Back in the provinces, the bullying and bribery continued. I live in a Cambodian village, where I work for a small NGO in my spare time. Before the start of the elections I returned home and found Supon, the village teacher, waiting for me. He wore a white cap and polo shirt emblazoned with the logo of the Cambodian People’s Party (CPP). He put down the election pamphlet he was flicking through and ushered me inside.
“You know the opposition party – the CNRP?” he asked. “I was spotted marching for the opposition party and now,” – he paused, his face grey with fear – “the CPP… they want to arrest me."
"But you haven’t done anything,” I said. “It doesn’t matter,” he replied, “they make up the charges.” He hung his head: "Because I work with you, it's not safe for you to be here – they could say you are a spy and arrest you.”
Pring, a young man from my village, told me, "The village chief called my father to a meeting. Everyone had to swear before the village ancestors that they would vote for CPP. If they swear, they get paid 10,000 Riel (£1.60).” That might not seem like a lot, but the average annual wage for a rural Cambodian is approximately £90.
Despite threats, Pring estimates that about 50 percent of the people in the village voted for CNRP, including him, his mother and his sister. “Now the village chief is very angry with us,” he told me. “He doesn’t want other people to have communication with us because we voted for another party, so we lost the clients who buy our rice.”
Yesterday, the CNRP urged its supporters to be patient and await further instructions.
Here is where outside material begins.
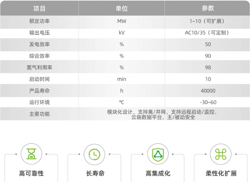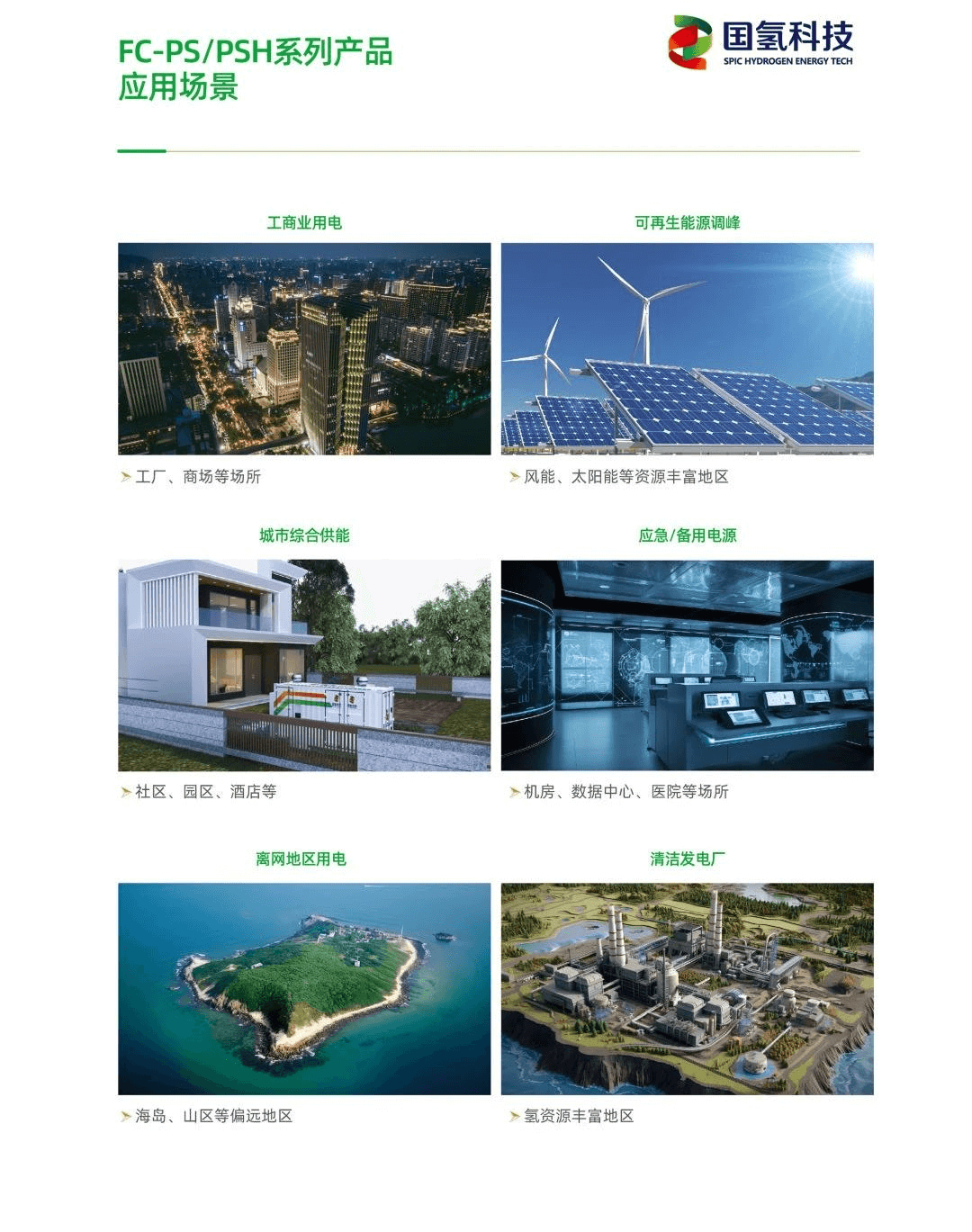 國氫科技自主研發的“氫騰”FC-PS/PSH發電系列產品,核心部件全部自主化,具有低成本、高可靠、長壽命等特點,適用于社區、工業園區、商業樓宇、數據中心用能及可再生能源調峰等場景。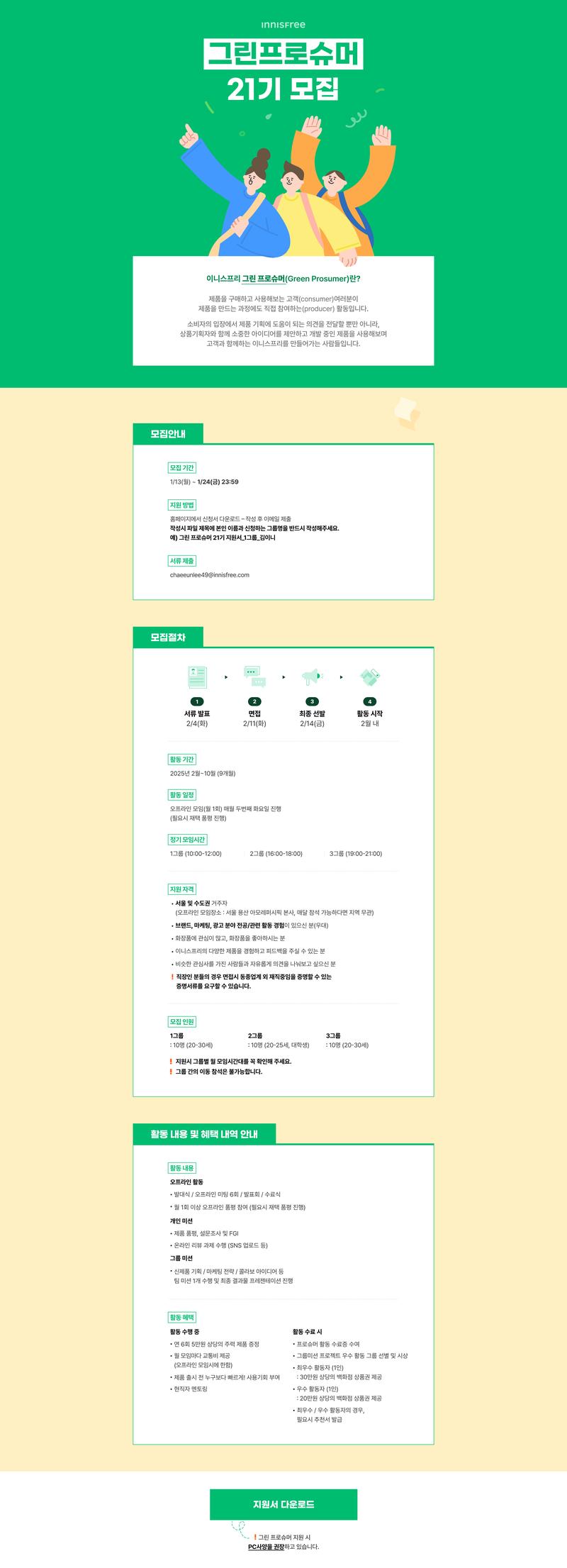 - 신청서 다운로드 ) https://www.innisfree.com/kr/ko/EventView.do?eventSeq=4034&procStat=2&channelTyp=

The NEC has begun to release the final vote counts and early signs show that the CPP won by a mere 250,000 votes in a country of 40 million. But given all the allegations of cheating, it’s not looking good for Hun Sen. He has now agreed to participate in an investigation, although whether the UN or any other international observers will be involved is unclear.
The story is far from over. But for now I’m glad to say that my friend Supon avoided jail, most likely because he's related to the local CPP chief. “I think there will be further demonstrations,” he told me on the phone. “People will protest the results of the election and I am afraid the government will use guns.”